5.  Mandala, a magic circle. (Wassiljew, 202, 205, 212, 216, quoted by Jülg.)


TALE II.

1.  Dragons, serpents, serpent-gods, serpent-dæmons (nâga), play a great part in Indian mythology. Their king is Shesa. Serpent-cultus was of very ancient observance and is practised by both followers of Brahmanism and Buddhism. The Brahmans seem to have desired to show their disapproval of it by placing the serpent-gods in the lower ranks of their mythology (Lassen, i. 707 and 544, n. 2). This cultus, however, seems to have received a fresh development about the time of Ashoka, circa 250 B.C. (ii. 467). When Madhjantika went into Cashmere and Gandhâra to teach Buddhism after the holding of the third Synod, it is mentioned that he found sacrifices to serpents practised there (ii. 234, 235).
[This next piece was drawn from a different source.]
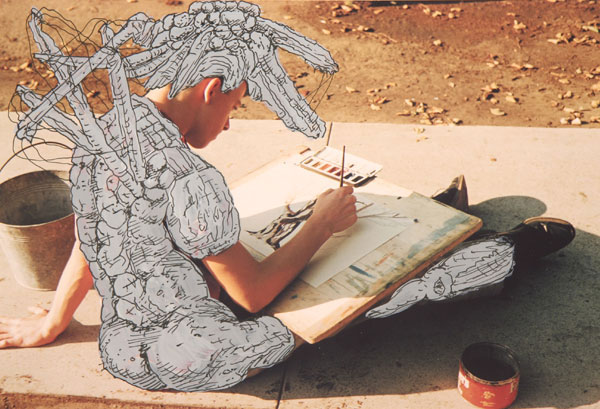 1959-1960-2009, Ink and Acrylic on Color Photograph, 8 x 12 inches

There is a passage in Plutarch from which it appears the custom to sacrifice an old woman (previously condemned to death for some crime) in honour of the serpent-gods by burying her alive on the banks of the Indus (ii. 467, and note 4). Ktesias also mentions the serpent-worship (ii. 642). In Buddhist legends, serpents are often mentioned as protecting-patrons of certain towns (ii. 467). Among the many kinds of serpents which India possesses, it is the gigantic Cobra di capello which is the object of worship (ii. 679). (See further notice of the serpent-worship, iv. 109.)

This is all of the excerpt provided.